» **Dataset records**
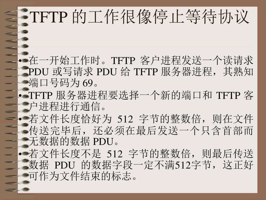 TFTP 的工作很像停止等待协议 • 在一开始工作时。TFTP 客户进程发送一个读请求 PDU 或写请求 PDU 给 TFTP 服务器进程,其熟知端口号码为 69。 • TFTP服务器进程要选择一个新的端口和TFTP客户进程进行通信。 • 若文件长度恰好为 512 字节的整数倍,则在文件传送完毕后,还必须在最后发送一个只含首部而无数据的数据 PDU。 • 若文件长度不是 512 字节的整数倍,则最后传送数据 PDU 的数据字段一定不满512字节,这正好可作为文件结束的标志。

==

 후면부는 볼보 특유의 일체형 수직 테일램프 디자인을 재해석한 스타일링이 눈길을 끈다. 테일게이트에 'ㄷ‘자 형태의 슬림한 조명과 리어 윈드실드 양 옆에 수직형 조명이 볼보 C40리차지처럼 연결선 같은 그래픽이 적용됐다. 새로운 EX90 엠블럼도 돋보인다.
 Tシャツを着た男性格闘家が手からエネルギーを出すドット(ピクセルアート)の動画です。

==

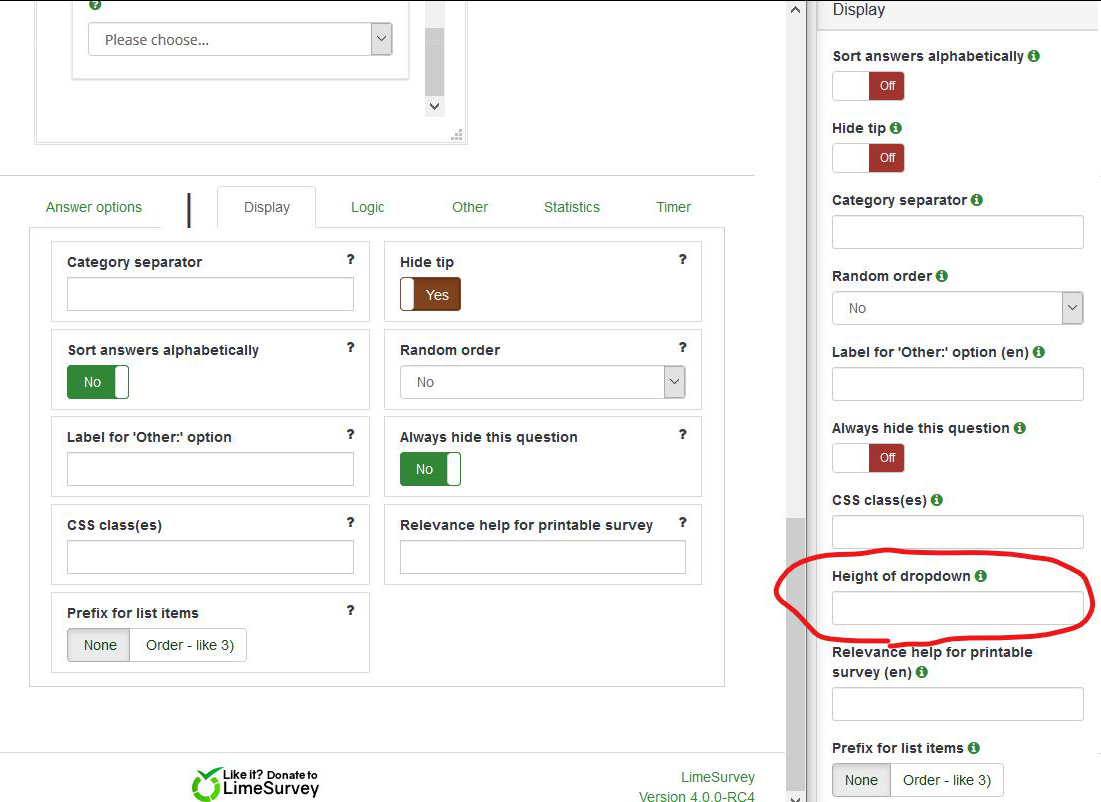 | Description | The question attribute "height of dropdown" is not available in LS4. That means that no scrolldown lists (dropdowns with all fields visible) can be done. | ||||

» **Work to complete**
All lines in the data above from the one with "후면부는 볼보 특유의" through the one with "Tシャツを着た男性格闘家が手" must be repeated exactly, and no others.

» **Task answer**
 후면부는 볼보 특유의 일체형 수직 테일램프 디자인을 재해석한 스타일링이 눈길을 끈다. 테일게이트에 'ㄷ‘자 형태의 슬림한 조명과 리어 윈드실드 양 옆에 수직형 조명이 볼보 C40리차지처럼 연결선 같은 그래픽이 적용됐다. 새로운 EX90 엠블럼도 돋보인다.
 Tシャツを着た男性格闘家が手からエネルギーを出すドット(ピクセルアート)の動画です。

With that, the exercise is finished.